Experiences affect mood, which in turn affects subsequent experiences. Recent studies suggest two specific principles. First, mood depends on how recent reward outcomes differ from expectations. Second, mood biases the way we perceive outcomes (e.g., rewards), and this bias affects learning about those outcomes. We propose that this two-way interaction serves to mitigate inefficiencies in the application of reinforcement learning to real-world problems. Specifically, we propose that mood represents the overall momentum of recent outcomes, and its biasing influence on the perception of outcomes ‘corrects’ learning to account for environmental dependencies. We describe potential dysfunctions of this adaptive mechanism that might contribute to the symptoms of mood disorders.
With increasing use of computational models to understand human behavior, scientists have begun to model the dynamics of subjective states such as mood.
Recent data suggest that mood reflects the cumulative impact of differences between reward outcomes and expectations.

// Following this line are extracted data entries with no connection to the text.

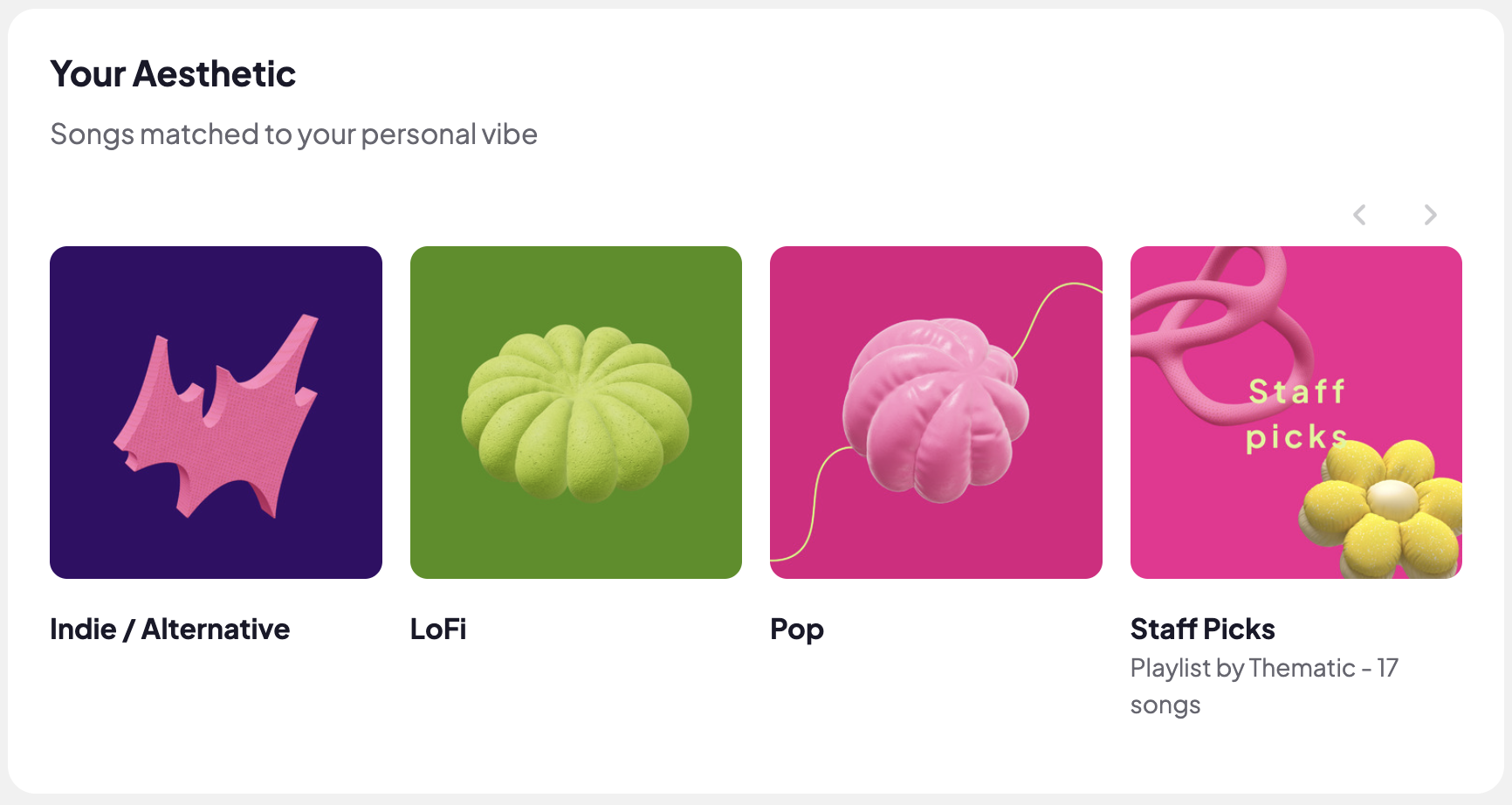 Songs matched to your personal vibe. Explore your favorite genres, styles, and Staff Picks curated by the Thematic team.
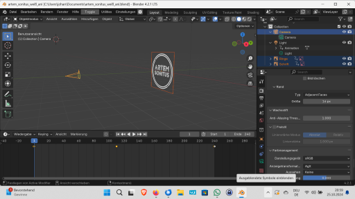RE: Rendern - JM Visuals - 27.10.2024 Hm wie bekomme ich das "Bild" unten in die Leiste. Beim test hab iches einfach hineingezogen, jetzt versuch ich es neu zu machen und es geht nicht? Da das Logo aus zwei Bildern besteht die sich dann gegengleich drehen, dachte ich, ich mach das von Anfang an. auch wegen lernzwecke. RE: Rendern - Ephraim - 27.10.2024 Achso, das besteht nicht nur aus einem Bild? Dann wird es natürlich etwas komplizierter. Evtl. ist es am einfachsten, zwei Planes zu nutzen und dann die Planes mit der Textur drauf zu rotieren, könnte allerdings zu Artefakten führen. Es sind aber schon einzelne Bilder und keine Videodaten, richtig? Wenn doch müsstest du das beim Node mit angeben, dann geht er auch damit um. Wenn du mehrere Bilder in einem haben willst, musst du mit Mix Nodes und alles arbeiten, das machst es dann ein bisschen komplizierter (vor allem, wenn du das dann auch noch animieren willst). Deine Frage habe ich aber nicht ganz verstanden? Meinst du wie man den Image Node erstellt? Das wäre Shift+A → Texture → Image Texture, bzw. einfach im Add Menü (Shift+A) danach suchen. LG, Ephraim. RE: Rendern - JM Visuals - 27.10.2024 JA 2 Bilder (2 .svg). mein erster Plan war Bilder rein, gegengleich drehen fertig. Jetzt : Plane 1 rein, Bild "Ringe" drauf, Material vergeben (ich will erstmal nur glatt reinweiß) Plane 2 rein, Bild "Schrift" drauf, gleich wie bei Plane1 Dann animieren (sprich gegengleich drehen lassen) rendern Video draus machen fertig. Dann kann ich es als Visual einsetzten. Das ist mein Plan. Ist mein Gedankengang richtig und durchführbar oder muss was geändert werden? Zur Frage: Dar braune Fenster IMG... bekomme ich jetzt nicht in die Leiste. Bein Test gestern habe ich das Bild in der Leiste rechts angeklicht und in die Leiste gezogen. Bei drn "Ringen" funktioniert diese vorgehensweise nicht! Deswegen meine Frage: Was mache ich falsch? Wie bekomme ich im Screenshoot braune Img... Fläche in die Leiste? Ich habe alle Flächen nir geht nur die Img... Fläche ab um des Screenstoot zu vollenden. Hoffe ich hab jetzt alles gut genug erklährt. RE: Rendern - Ephraim - 27.10.2024 Achso, das sind SVGs? Sag das doch gleich, da kannst du dir den Aufwand nämlich sparen. Du kannst SVGs einfach über das Menü File → Import → Scalable Vector Graphics einfügen, dann hast du die Bilder als Kurven in der Szene. Oft sind die zwar noch zu klein, aber das lässt sich ja schnell ändern. Hoffe, das klappt. LG, Ephtaim.
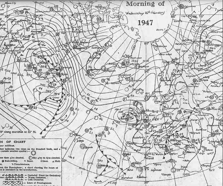 Winter 1947:Chart of Weather in the Northern Hemisphere at 00hr GMT
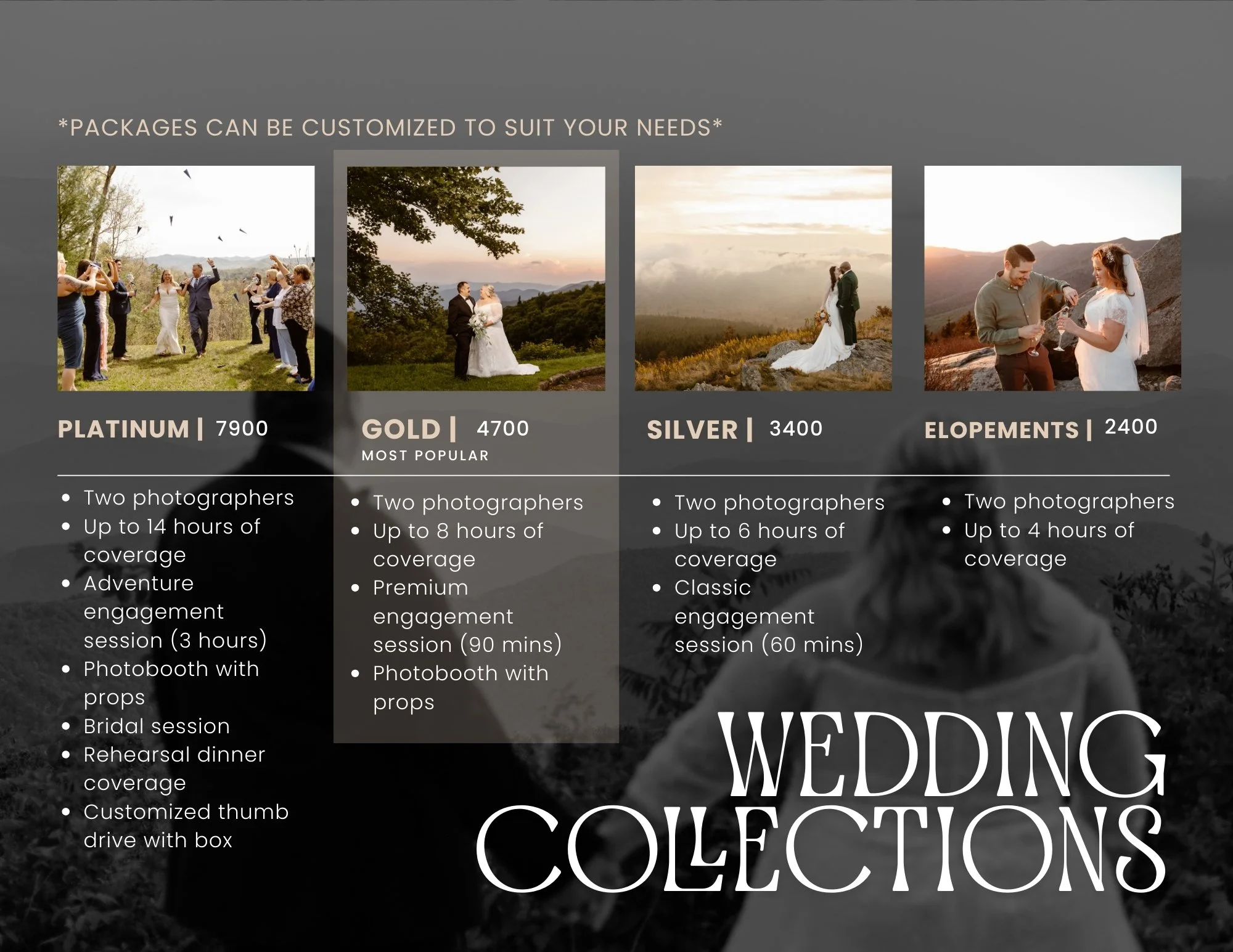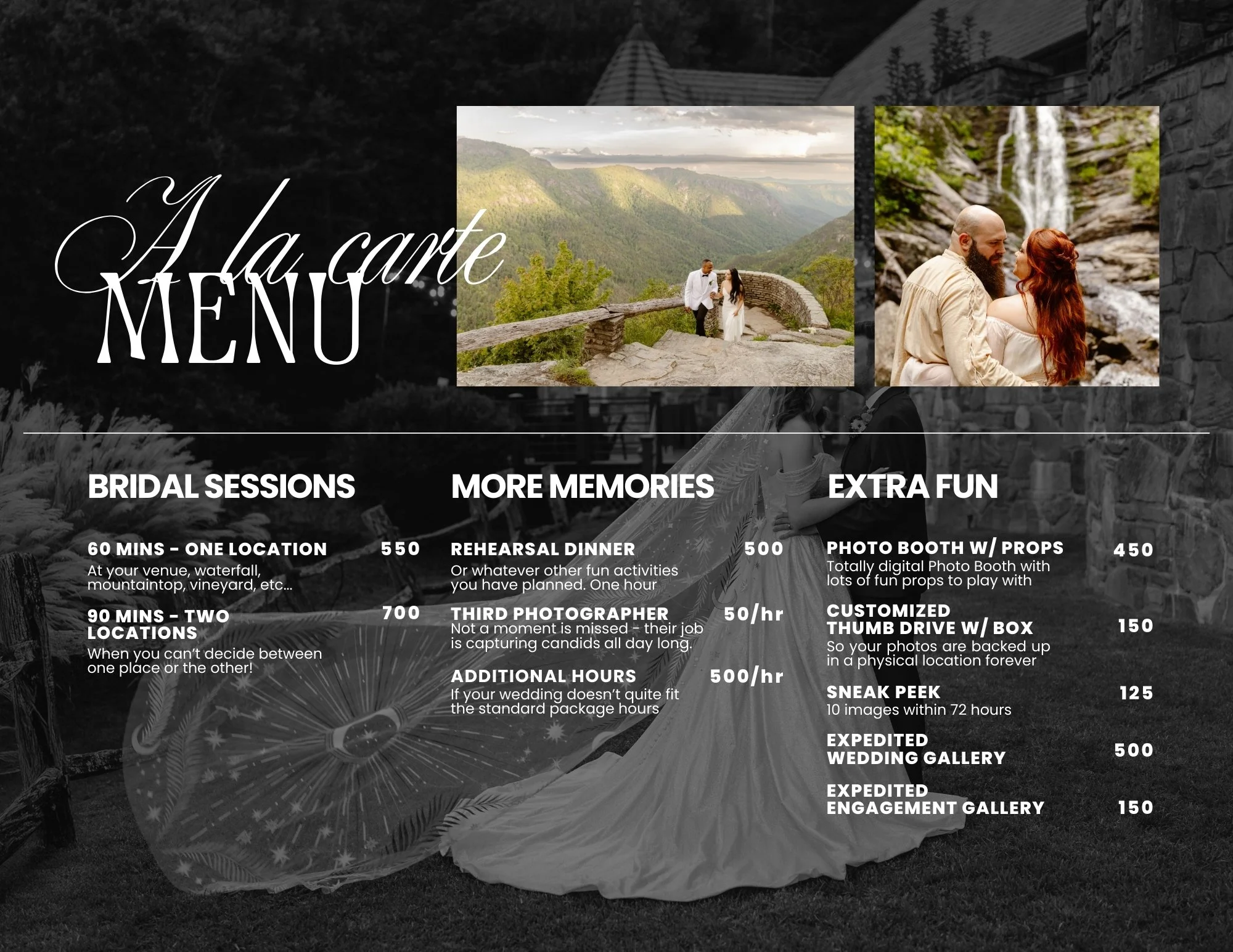 We are based in Sylva, NC. Our travel rates vary depending on the distance from home base. If your wedding falls within a 2.5 hour radius of Whittier, there are no travel fees. The rates for further travel are as follows-
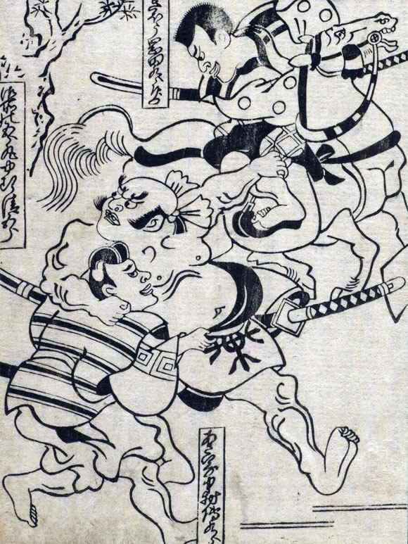 Nakamura Denkurô I (bottom/left) and Ichikawa Danjûrô I (top/right) playing the roles of Asahina no Saburô and Soga Gorô Tokimune in the 2nd scene of the 4th act of the drama "Tsuwamono Kongen Soga", which was staged in the 5th lunar month of 1697 at the Nakamuraza |

Behavioral and neural findings suggest that mood biases the perception of reward outcomes such that outcomes are perceived as better when one is in a good mood relative to when one is in a bad mood.
These two lines of research establish a bidirectional interaction between mood and reinforcement learning, which may play an important adaptive role in healthy behavior, and whose dysfunction might contribute to psychiatric disorders.